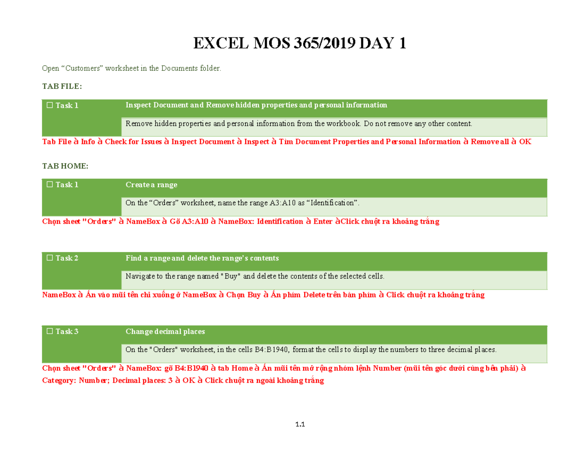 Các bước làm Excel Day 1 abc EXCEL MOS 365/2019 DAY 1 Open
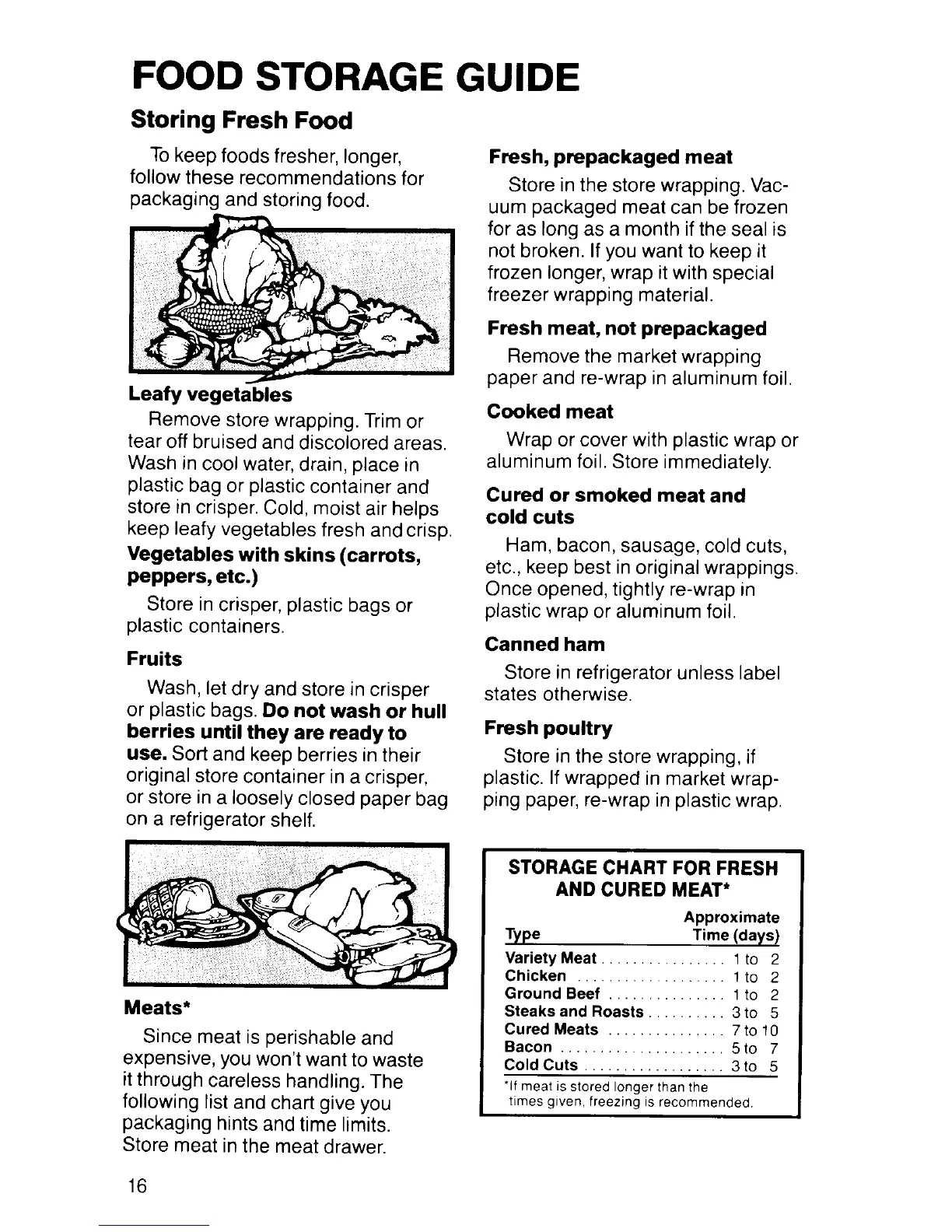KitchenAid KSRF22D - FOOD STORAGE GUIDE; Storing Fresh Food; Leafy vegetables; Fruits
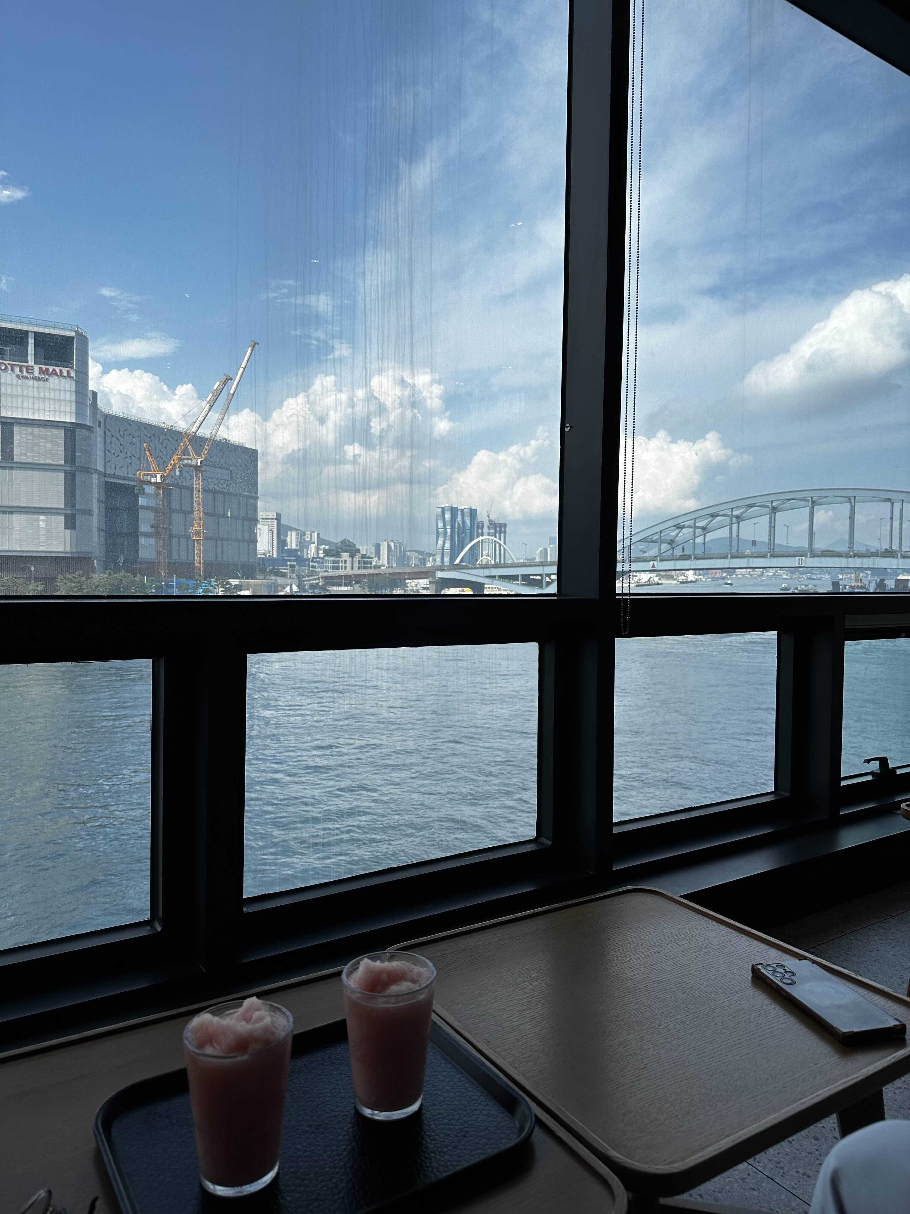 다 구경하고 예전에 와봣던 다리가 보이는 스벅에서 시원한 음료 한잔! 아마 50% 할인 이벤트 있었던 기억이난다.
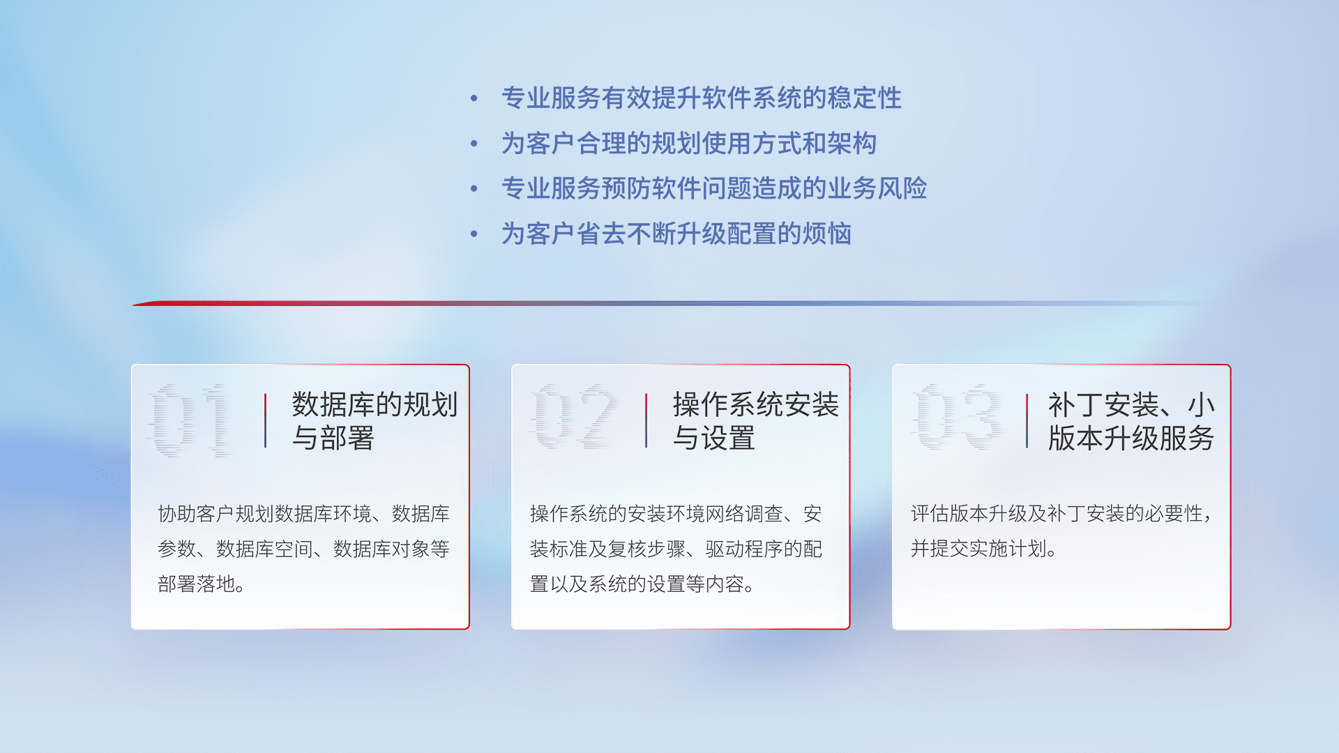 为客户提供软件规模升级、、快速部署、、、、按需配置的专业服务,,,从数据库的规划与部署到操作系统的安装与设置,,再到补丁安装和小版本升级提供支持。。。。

### WORK ORDER:
Please reproduce the material above word for word, without its images.

### OUTPUT FOR THIS TASK:
 Các bước làm Excel Day 1 abc EXCEL MOS 365/2019 DAY 1 Open
KitchenAid KSRF22D - FOOD STORAGE GUIDE; Storing Fresh Food; Leafy vegetables; Fruits
 다 구경하고 예전에 와봣던 다리가 보이는 스벅에서 시원한 음료 한잔! 아마 50% 할인 이벤트 있었던 기억이난다.
 为客户提供软件规模升级、、快速部署、、、、按需配置的专业服务,,,从数据库的规划与部署到操作系统的安装与设置,,再到补丁安装和小版本升级提供支持。。。。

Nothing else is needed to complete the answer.